Пчелинцев уперся подбородком в переплетенные ладони, оперевшись локтями на стол, и безразлично смотрел на книжный шкаф, заставленный разноцветными папками.
– Грустишь? – поинтересовался подполковник и присел на стул напротив. Тусклая лампочка под потолком утвердительно мигнула.
– Не-а, – равнодушно ответил майор, перенося взгляд на Мезенцева. – На душе хреново, Викторыч. Достало все. Пашем, пашем, пашем. Не хочу я такой груз тащить, а больше некому…
Фразу комбата оборвал вовсе уж не деликатный стук в косяк. И в кабинет ввалилась сразу целая делегация. Сундук с Седьмым, Безручков с Андрушко, Шутов с Дмитровским… Даже Терентьев пришел…
Сразу стало тесно. Но кое-как разместились.
Первым Мезенцев начал. Как самый старший и по званию, и по возрасту.
– Как я верно понимаю, – прокашлялся военврач в кулак, – мы все почуяли некие флюиды… – Мезенцев неопределенно помахал ладонью. – Прямо-таки нагнетающие обстановку. А поэтому… – Военврач затянул паузу, экстренным подмигиванием пытаясь ускорить замешкавшегося Урусова, борющегося с застежками РД.
– Поэтому, господа, предлагаю устроить сеанс релаксации! То есть легкое усугубление! – На заваленный бумагами стол Урусов начал выставлять одну за другой бутылки, закупленные еще в придорожном магазине.
– Нехорошо без шахматиста, его деньги пропиваем, – задумчиво произнес он, обращаясь куда-то в пространство, – но это еще будить надо…
Майор хотел подняться и всех разогнать командирским рыком, но ему тут же всучили полный стакан и подали маринованный огурчик на столовской алюминиевой вилке.
– Пейте, товарищ полковник! Но не пьянства ради, а исключительно в качестве лекарства, – пресек в зародыше матерную тираду капитан Сундуков.
– Снова ты с полковником своим! – выдохнул Пчелинцев и опрокинул стакан. Хрупнул огурцом. Подумал немного и спросил: – Так, товарищи военные, а сами-то не пьете чего? Или собрались дерзостно споить своего командира?

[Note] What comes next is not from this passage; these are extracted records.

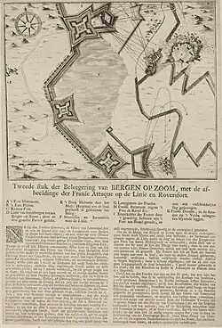 Après la victoire de Lauffeld, le maréchal de Saxe détache une armée sous le commandement du lieutenant-général Ulrich Frédéric Woldemar de Lowendal, expert dans l'art des sièges, pour assiéger Berg-op-Zoom. Bien défendue par la nature, environnée de marécages insalubres et de terrains poldérisés facilement inondables, susceptible de recevoir des renforts et des approvisionnements par voie de mer, la place est réputée imprenable. Alexandre Farnèse en 1588, puis Spinola en 1622 y avaient échoué[1].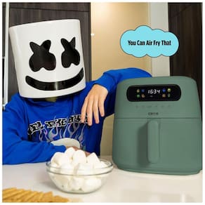 A fritadeira elétrica sem óleo CRUX x Marshmello de 3 litros foi projetada para preparo de alimentos com circulação de ar quente, utilizando aquecimento por resistência de 1300W e controle eletrônico de tempo e temperatura. O sistema TurboCrisp otimiza o fluxo de ar interno para obter crocância externa e aquecimento uniforme dos alimentos, atendendo porções para aproximadamente 2 a 4 pessoas.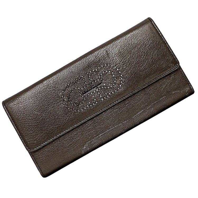 【送料無料】 サルヴァトーレ フェラガモ 二つ折り 長財布 メタリック ブラウン ガンチーニ ec-20697 財布 レザー 中古 Salvatore Ferragamo 小銭入れ有 スタッズ ロゴ ..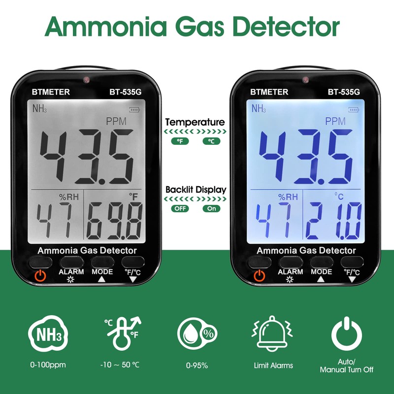 BTMETER Ammonia Gas Detector 535G, Air Quality Meter Monitor Indoor NH3 Gas 0~100 PPM, Relative Humidity and Temperature, Rechargeable Ammonia Gauge with Alarm, Backlit LCD Display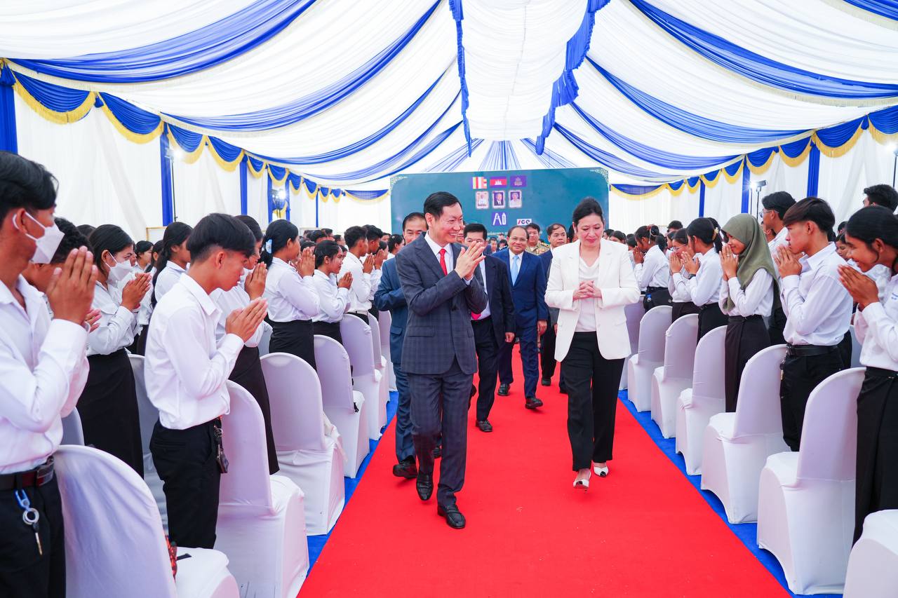 ក្នុងខណៈនោះ គណៈអធិបតី ព្រមទាំងប្រតិភូ ក៏បានអញ្ជើញចុចប៊ូតុង ដើម្បីបើកការដ្ឋានសាងសង់ជាផ្លូវការ នូវរោងចក្រកែច្នៃដបប្លាស្ទិក ដែលប្រើប្រាស់រួច នៅតំបន់សេដ្ឋកិច្ចពិសេសពោធិ៍សាត់ ព្រមទាំងថតរូបទុកជាអនុស្សាវរីយ៍ផងដែរ៕

– Так точно! – сразу же признался Урусов. – А потом печатью бригады пришлепнуть приказ об моем отпуске на пару месяцев.
– И о том, чтобы все вернулось на свои места… – вздохнул Шутов.
Все замолчали. Тишина долго висела в переполненном кабинете.
Пока капитан Сундуков не расплескал бутылку «Немирова» по стаканам и кружкам и не встал, с трудом выбравшись из-за стола:
Везде
Все
– Не вернется уже ничего. Так что, товарищи военные и гражданские, предлагаю за то, что все мы живы. Несмотря ни на что. И чтобы и дальше нам жить. Вопреки всему. За нас!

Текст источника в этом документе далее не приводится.